Top of MATERIAL FOR THIS EXERCISE

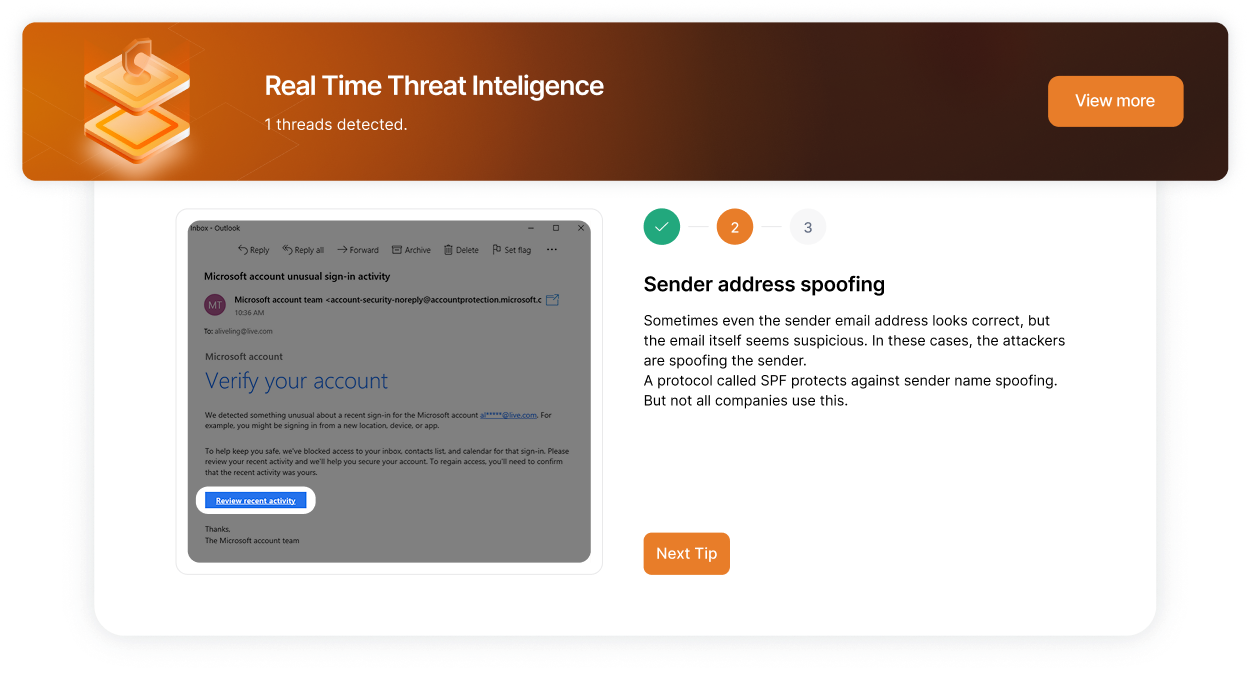 Get relevant real-time insights into phishing attacks happening across our wide customer network. Report threats instantly, and let our Cyber-AI detect, flag, and block them automatically.
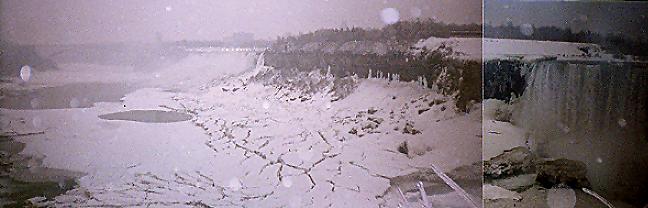 A composite of 2 pictures, with the American Falls on the left and Niagara Falls beginning on the right. Check out the snowpack on the river.
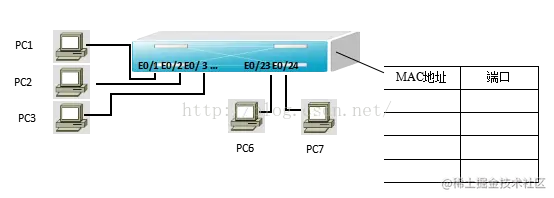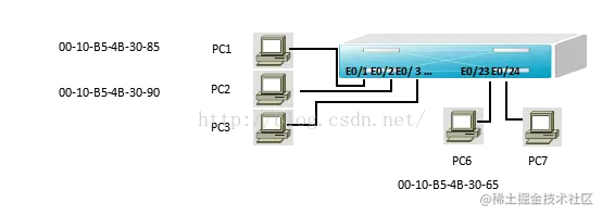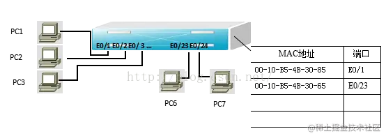 | MAC地址 | 端口 | | ---- | ---- | | 00-10-B5-4B-30-85 | E0/1 | | 00-10-B5-4B-30-90 | E0/2 | | 00-10-B5-4B-30-65 | E0/24| 假设主机pc1向主机pc7发送一个数据帧,该数据帧被送到交换机后,交换机首先查MAC地址表,发现主机pc7连接在E0/24接口上,就将数据帧从E0/24接口转发出去。
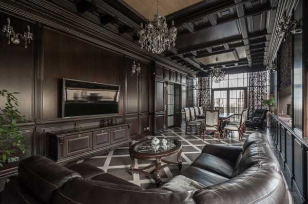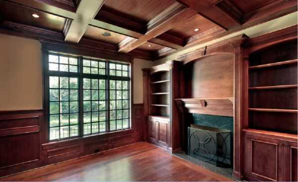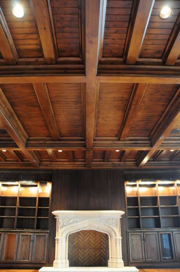 Кессонная потолочная конструкция или темные породы древесины, являются образцом отличного вкуса. Они четко выделяют каждую деталь интерьера и придают ему королевский и благородный облик.
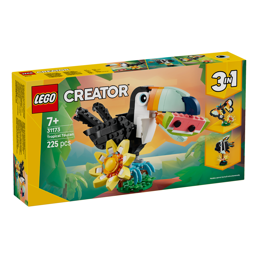 Mit dem LEGO Creator 3-in-1 Set „Wilde Tiere: Tropischer Tukan“ (31173) entdecken Kinder ab 7 Jahren die bunte Welt tropischer Tiere. Dieses kreative Konstruktionsspielzeug bietet drei verschiedene Bauoptionen in einem Set – für fantasievollen Spielspaß rund um LEGO Tiere.
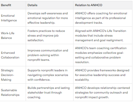 Coaching can help nonprofit leaders develop emotional intelligence, strategic planning, and leadership skills.
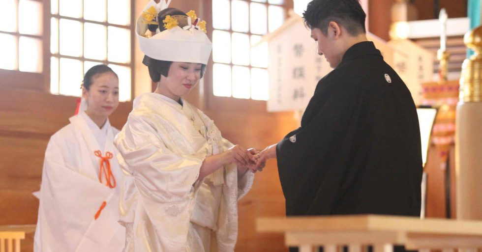 ウエディングドレスは前撮りでも着用しましたが、白無垢綿帽子や角隠しは式特有の雰囲気があり、自分自身も花嫁になるんだなと実感できるシーンでした。指輪交換の夢も神宮で叶えられました。
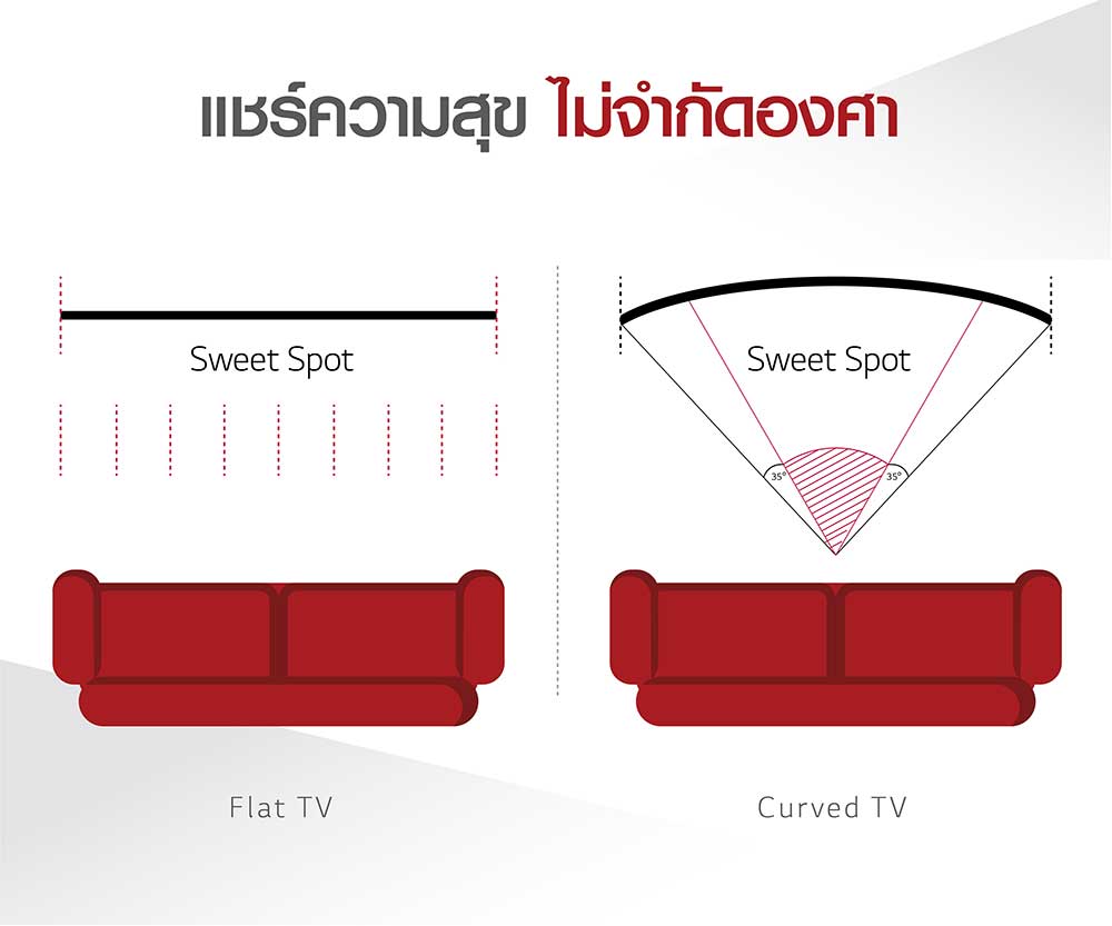 สำหรับทีวีหน้าจอโค้ง ผู้รับชมจะสามารถเพลิดเพลินกับคุณภาพภาพที่ดีที่สุด ได้จากตำแหน่งที่อยู่ตรงกึ่งกลางหน้าจอพอดิบพอดีเท่านั้น ซึ่งจะว่าไปแล้วก็ฟังก์ชั่นนี้คงไม่ตอบโจทย์สำหรับบ้านที่มีสมาชิกหลายคนต้องแย่งชิงตำแหน่ง Sweet Spot หรือตำแหน่งการรับชมที่ดีที่สุดนั่นคือตรงกลางหน้าจอกัน ในทางตรงกันข้ามทีวีจอตรงสามารถขจัดปัญหาข้อนี้ได้อย่างง่ายดาย ด้วยดีไซน์หน้าจอที่ตรงระนาบไปกับแนวผนัง ทุกคนในห้องจะสามารถดื่มด่ำกับภาพบนหน้าจอได้ในทุกมุมมองไม่ว่าจะรับชมจากองศาใดก็ตามก็ยังเห็นภาพคมชัด สีสันไม่ผิดเพี้ยน
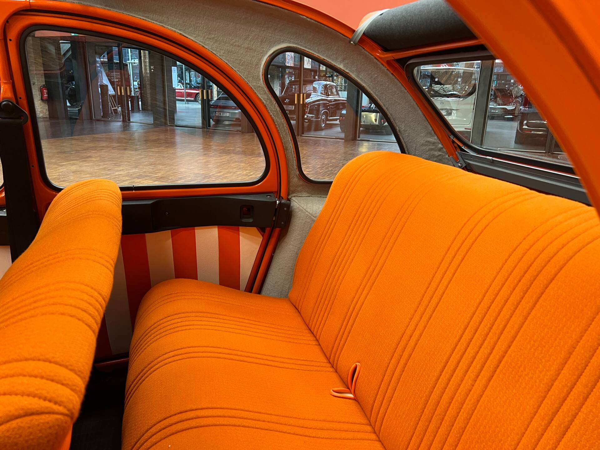 Diese „Spot-Ente“ wurde am 17.08.1976 in Bogani bei Mailand zugelassen. Die seitlichen Blinkleuchten vorn und die durchgehende Sitzbank vorn deuten darauf hin. Über die Historie ist leider nicht viel bekannt. 2024 gehörte das Auto jemandem in Bergamo und dieser ließ es komplett neu aufbauen. Auf der Oldtimermesse in Bologna 2025 wurde die Ente, die zu diesem Zeitpunkt noch nicht ganz fertig war, angeboten. Ein Freund unseres Hauses kaufte das Auto und überließ es uns zur Fertigstellung und anschließenden Vermarktung. Wir haben den Wagen dann untersucht und die bis dahin noch fehlenden Teile wie Sonnenblenden, Innenleuchte, Gummimatten, Radkappen und Scheibenwischer angebaut. Die Spot-Ente steht jetzt da wie aus dem Citroën Showroom. Wir haben lange nach einer guten Spot gesucht, und jetzt, wo das gute Stück dasteht, können wir nicht verstehen, warum nur 1.800 Stück gebaut wurden. Wir können uns kaum ein Auto vorstellen, welches mehr Lebensfreude ausstrahlt. Wenn man bei Sonnenschein einsteigt, ist es, als würde man in einen Malkasten einsteigen, und man ist spontan guter Laune. Dieses Auto ist gewissermaßen das Gegenstück zu den heute allzu oft fad, langweilig und beliebig wirkenden Neuwagen. Keine 500 PS und elektronische Gimmicks vermögen heute auch nur annähernd diese Lebensfreude zu vermitteln. Joie de Vivre …
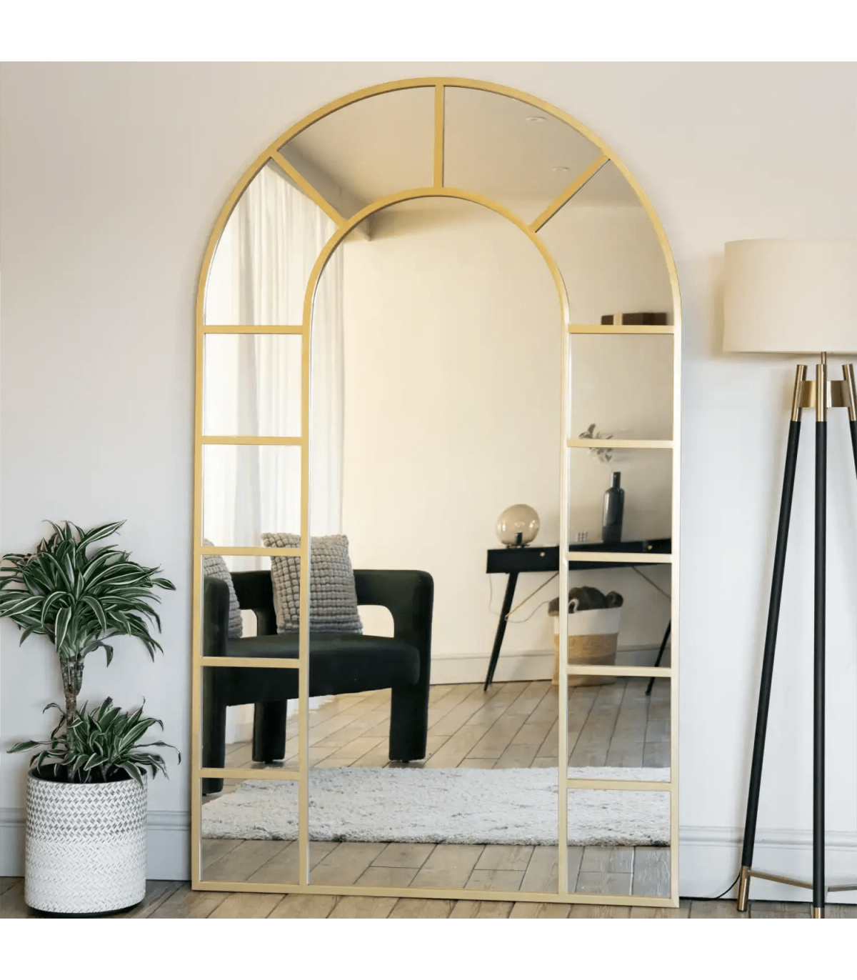 The Mio is available in different colours and a range of sizes, making it a versatile choice for those seeking to complement the style of any room with a signature window mirror that subtly nods to the elegance of gold metal arched design.

Bottom of MATERIAL FOR THIS EXERCISE

▶ _WORK INSTRUCTION_
An exact copy of the listing is required; return it without any pictures.

▶ _THE ANSWER_
 Get relevant real-time insights into phishing attacks happening across our wide customer network. Report threats instantly, and let our Cyber-AI detect, flag, and block them automatically.
 A composite of 2 pictures, with the American Falls on the left and Niagara Falls beginning on the right. Check out the snowpack on the river.
 | MAC地址 | 端口 | | ---- | ---- | | 00-10-B5-4B-30-85 | E0/1 | | 00-10-B5-4B-30-90 | E0/2 | | 00-10-B5-4B-30-65 | E0/24| 假设主机pc1向主机pc7发送一个数据帧,该数据帧被送到交换机后,交换机首先查MAC地址表,发现主机pc7连接在E0/24接口上,就将数据帧从E0/24接口转发出去。
 Кессонная потолочная конструкция или темные породы древесины, являются образцом отличного вкуса. Они четко выделяют каждую деталь интерьера и придают ему королевский и благородный облик.
 Mit dem LEGO Creator 3-in-1 Set „Wilde Tiere: Tropischer Tukan“ (31173) entdecken Kinder ab 7 Jahren die bunte Welt tropischer Tiere. Dieses kreative Konstruktionsspielzeug bietet drei verschiedene Bauoptionen in einem Set – für fantasievollen Spielspaß rund um LEGO Tiere.
 Coaching can help nonprofit leaders develop emotional intelligence, strategic planning, and leadership skills.
 ウエディングドレスは前撮りでも着用しましたが、白無垢綿帽子や角隠しは式特有の雰囲気があり、自分自身も花嫁になるんだなと実感できるシーンでした。指輪交換の夢も神宮で叶えられました。
 สำหรับทีวีหน้าจอโค้ง ผู้รับชมจะสามารถเพลิดเพลินกับคุณภาพภาพที่ดีที่สุด ได้จากตำแหน่งที่อยู่ตรงกึ่งกลางหน้าจอพอดิบพอดีเท่านั้น ซึ่งจะว่าไปแล้วก็ฟังก์ชั่นนี้คงไม่ตอบโจทย์สำหรับบ้านที่มีสมาชิกหลายคนต้องแย่งชิงตำแหน่ง Sweet Spot หรือตำแหน่งการรับชมที่ดีที่สุดนั่นคือตรงกลางหน้าจอกัน ในทางตรงกันข้ามทีวีจอตรงสามารถขจัดปัญหาข้อนี้ได้อย่างง่ายดาย ด้วยดีไซน์หน้าจอที่ตรงระนาบไปกับแนวผนัง ทุกคนในห้องจะสามารถดื่มด่ำกับภาพบนหน้าจอได้ในทุกมุมมองไม่ว่าจะรับชมจากองศาใดก็ตามก็ยังเห็นภาพคมชัด สีสันไม่ผิดเพี้ยน
 Diese „Spot-Ente“ wurde am 17.08.1976 in Bogani bei Mailand zugelassen. Die seitlichen Blinkleuchten vorn und die durchgehende Sitzbank vorn deuten darauf hin. Über die Historie ist leider nicht viel bekannt. 2024 gehörte das Auto jemandem in Bergamo und dieser ließ es komplett neu aufbauen. Auf der Oldtimermesse in Bologna 2025 wurde die Ente, die zu diesem Zeitpunkt noch nicht ganz fertig war, angeboten. Ein Freund unseres Hauses kaufte das Auto und überließ es uns zur Fertigstellung und anschließenden Vermarktung. Wir haben den Wagen dann untersucht und die bis dahin noch fehlenden Teile wie Sonnenblenden, Innenleuchte, Gummimatten, Radkappen und Scheibenwischer angebaut. Die Spot-Ente steht jetzt da wie aus dem Citroën Showroom. Wir haben lange nach einer guten Spot gesucht, und jetzt, wo das gute Stück dasteht, können wir nicht verstehen, warum nur 1.800 Stück gebaut wurden. Wir können uns kaum ein Auto vorstellen, welches mehr Lebensfreude ausstrahlt. Wenn man bei Sonnenschein einsteigt, ist es, als würde man in einen Malkasten einsteigen, und man ist spontan guter Laune. Dieses Auto ist gewissermaßen das Gegenstück zu den heute allzu oft fad, langweilig und beliebig wirkenden Neuwagen. Keine 500 PS und elektronische Gimmicks vermögen heute auch nur annähernd diese Lebensfreude zu vermitteln. Joie de Vivre …
 The Mio is available in different colours and a range of sizes, making it a versatile choice for those seeking to complement the style of any room with a signature window mirror that subtly nods to the elegance of gold metal arched design.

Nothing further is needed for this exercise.